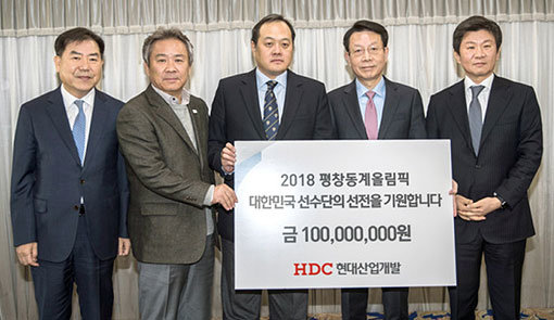 정몽규 HDC현대산업개발 회장(사진·맨 오른쪽)은 23일 이기흥 대한체육회장, 이재근 선수촌장, 전충렬 사무총장, 김지용 평창동계올림픽 선수단장 등이 참석한 격려금 전달식에서 선수단에 1억원을 전달했다. 정 회장은 “마지막까지 최선을 다하는 모습으로 대한민국 국민에게 큰 기쁨을 안겨주시길 바란다”고 말했다.
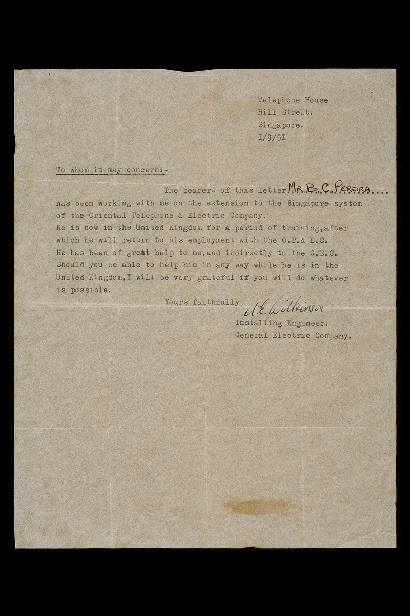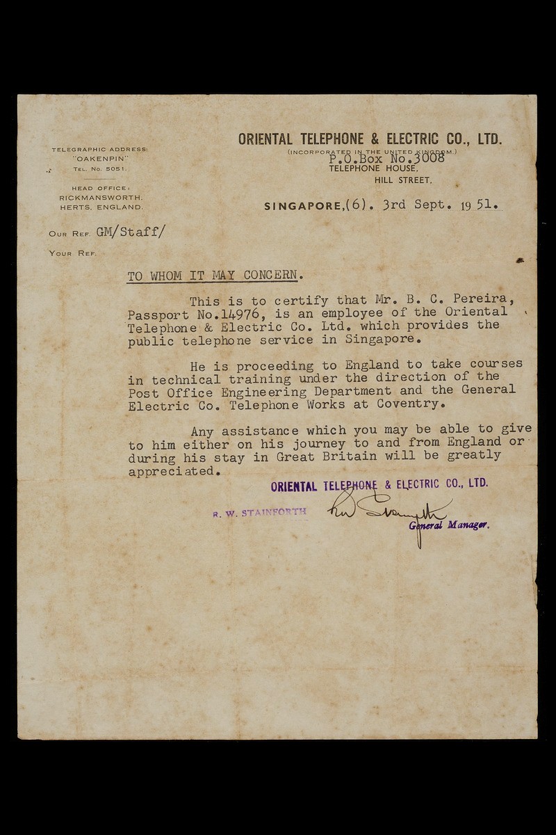 This is a letter from a Singapore Gas Company employee concerning company business.
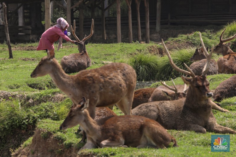 Seekor rusa berdiri saat para wisatawan ramai mengungjung objek wisata Kampung Cai Ranca Upas di kecamatan Rancabali, Bandung Selatan, Jawa Barat. Sejumlah destinasi tempat wisata di Bandung Selatan sudah mulai dibuka dengan penerapan protokol kesehatan yang ketat. (CNBC Indonesia/ Andrean Kriatianto)
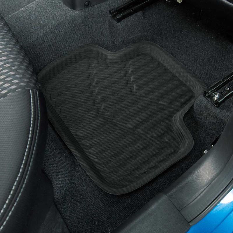 雨・雪・泥の汚れから車内を守るTPE素材のマット。
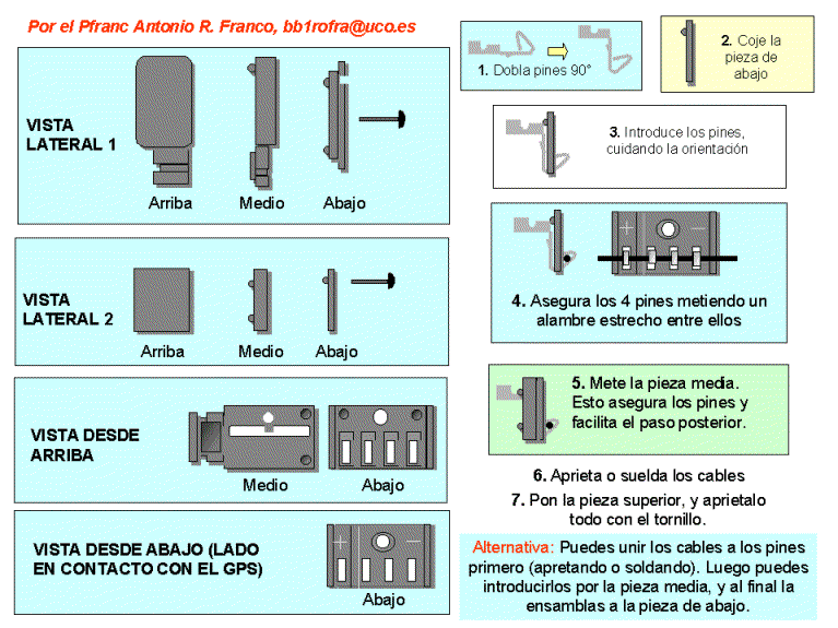 Si no lo veis claro, me lo haceis saber enviandome un mensaje de SUGERENCIA, y yo lo arreglaré. En la imágen debereis de fijaros con aención en las diferentes piezas, porque éstas sirven de referencia para saber cómo deben disponerse las piezas. En realidad es un proceso muy sencillo, quizás más que el del conector tradicional.

══════

*PROBLEM REQUIREMENTS*:
Exactly as they appear, transcribe the lines from the top of the material above through the line with "This is a letter". Omit any picture.

*EXERCISE RESULT*:
 정몽규 HDC현대산업개발 회장(사진·맨 오른쪽)은 23일 이기흥 대한체육회장, 이재근 선수촌장, 전충렬 사무총장, 김지용 평창동계올림픽 선수단장 등이 참석한 격려금 전달식에서 선수단에 1억원을 전달했다. 정 회장은 “마지막까지 최선을 다하는 모습으로 대한민국 국민에게 큰 기쁨을 안겨주시길 바란다”고 말했다.
 This is a letter from a Singapore Gas Company employee concerning company business.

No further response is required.